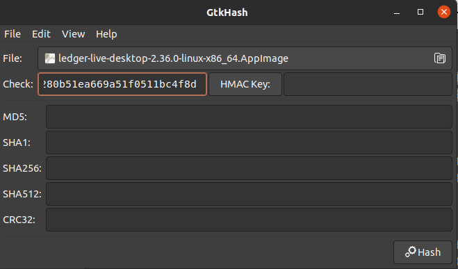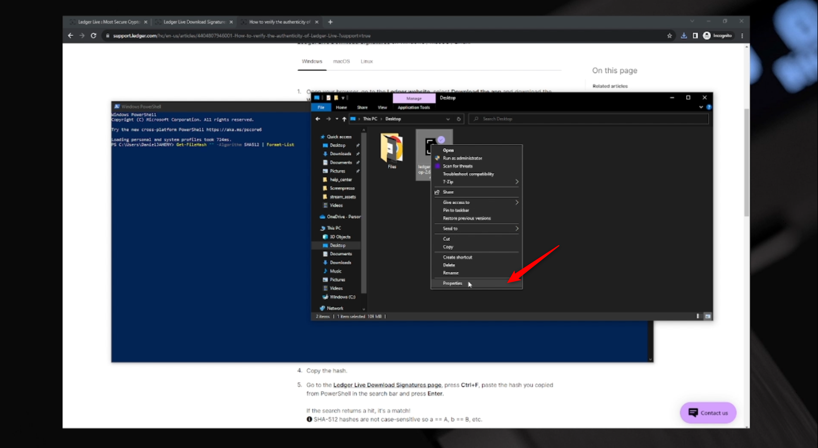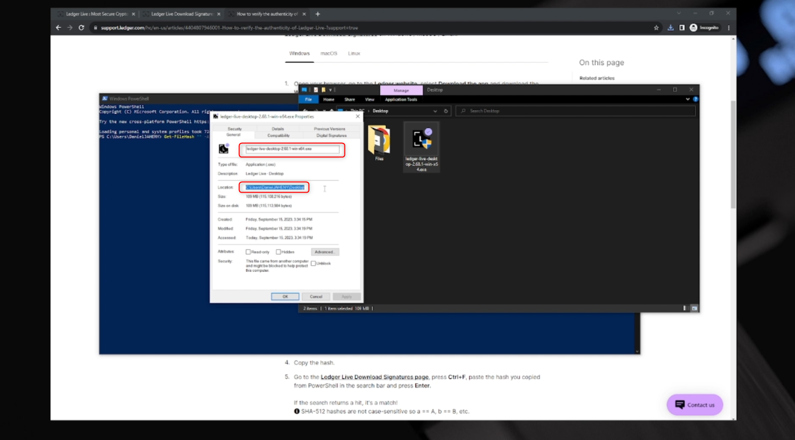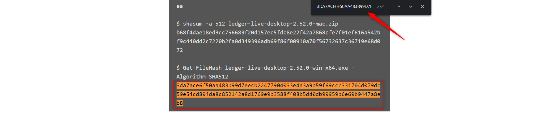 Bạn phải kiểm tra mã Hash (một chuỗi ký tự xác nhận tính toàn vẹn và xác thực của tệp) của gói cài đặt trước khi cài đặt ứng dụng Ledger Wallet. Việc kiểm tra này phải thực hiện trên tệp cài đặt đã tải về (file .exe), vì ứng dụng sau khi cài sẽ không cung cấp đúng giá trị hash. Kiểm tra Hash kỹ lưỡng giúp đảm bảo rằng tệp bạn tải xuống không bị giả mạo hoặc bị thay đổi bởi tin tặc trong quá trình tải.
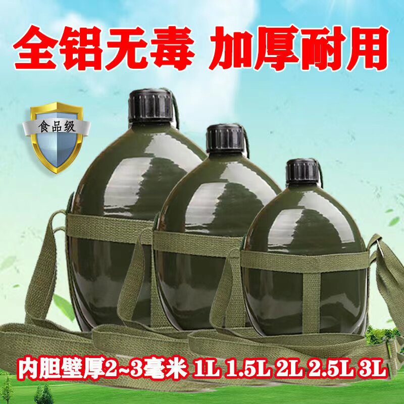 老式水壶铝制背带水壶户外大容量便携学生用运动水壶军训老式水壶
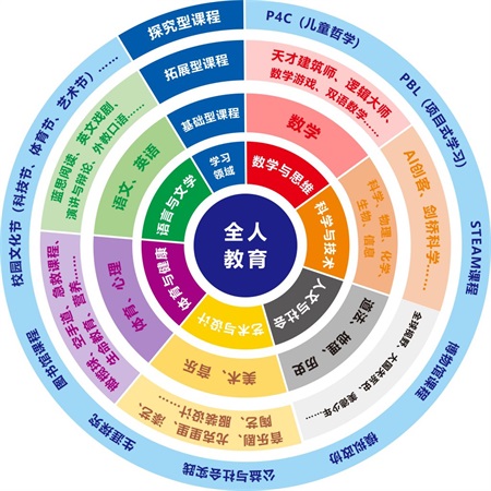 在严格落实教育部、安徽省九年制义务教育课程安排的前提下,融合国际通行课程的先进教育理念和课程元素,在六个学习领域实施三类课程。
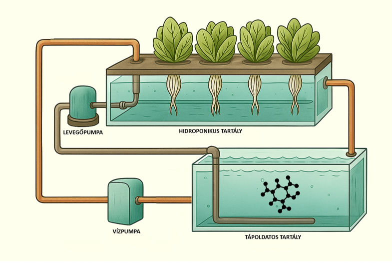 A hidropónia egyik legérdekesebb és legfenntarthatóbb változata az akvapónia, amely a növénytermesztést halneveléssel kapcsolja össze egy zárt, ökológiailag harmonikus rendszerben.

...

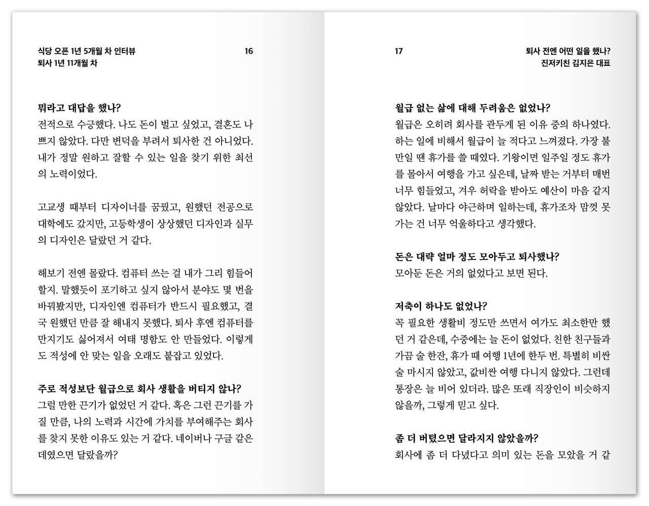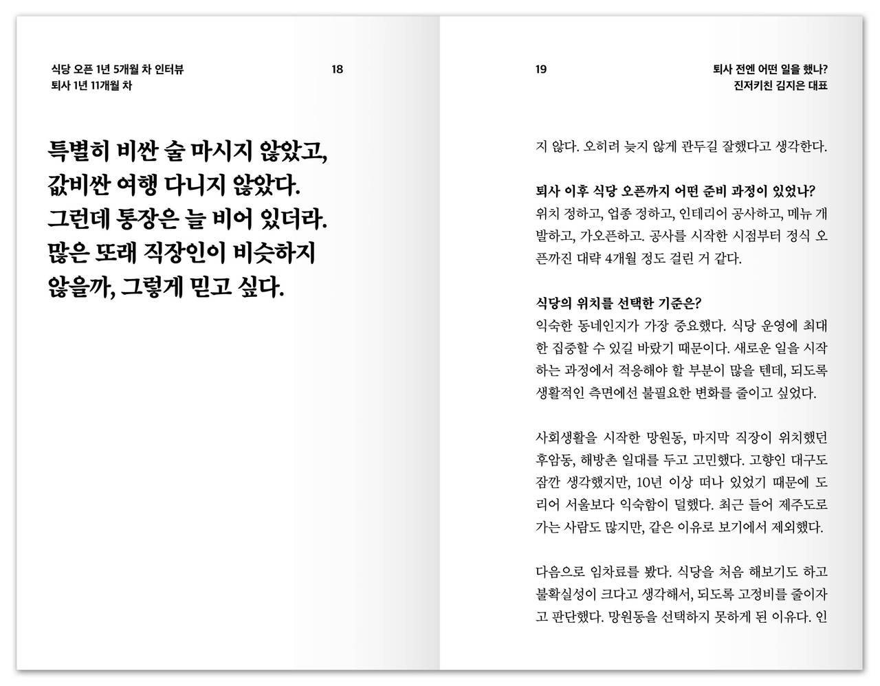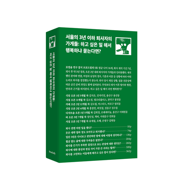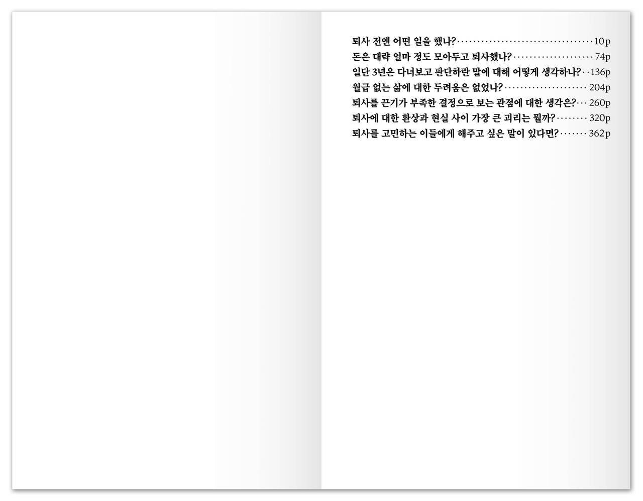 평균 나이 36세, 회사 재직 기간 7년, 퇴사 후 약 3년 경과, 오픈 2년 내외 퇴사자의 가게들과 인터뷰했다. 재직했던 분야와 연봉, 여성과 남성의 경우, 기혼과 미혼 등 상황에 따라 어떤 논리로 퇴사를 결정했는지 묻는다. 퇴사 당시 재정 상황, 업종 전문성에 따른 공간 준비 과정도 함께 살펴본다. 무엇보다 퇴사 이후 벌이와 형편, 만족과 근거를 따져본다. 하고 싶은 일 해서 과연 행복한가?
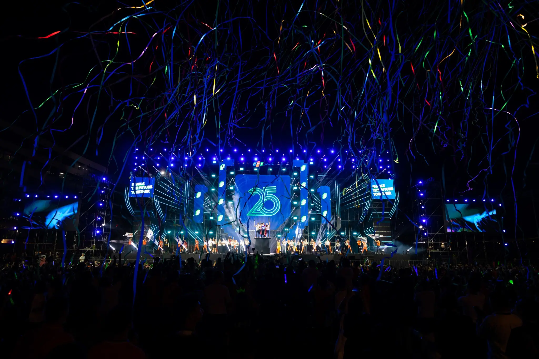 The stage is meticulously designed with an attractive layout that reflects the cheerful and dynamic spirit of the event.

▸ Work item: Within the material above, only the stretch from the line holding "老式水壶铝制背带水壶户外大容量便携学生用运动水壶军训老式水壶" through the line holding "A hidropónia egyik" is to be restated exactly. Pictures are dropped.

▸ Solution to this exercise:
 老式水壶铝制背带水壶户外大容量便携学生用运动水壶军训老式水壶
 在严格落实教育部、安徽省九年制义务教育课程安排的前提下,融合国际通行课程的先进教育理念和课程元素,在六个学习领域实施三类课程。
 A hidropónia egyik legérdekesebb és legfenntarthatóbb változata az akvapónia, amely a növénytermesztést halneveléssel kapcsolja össze egy zárt, ökológiailag harmonikus rendszerben.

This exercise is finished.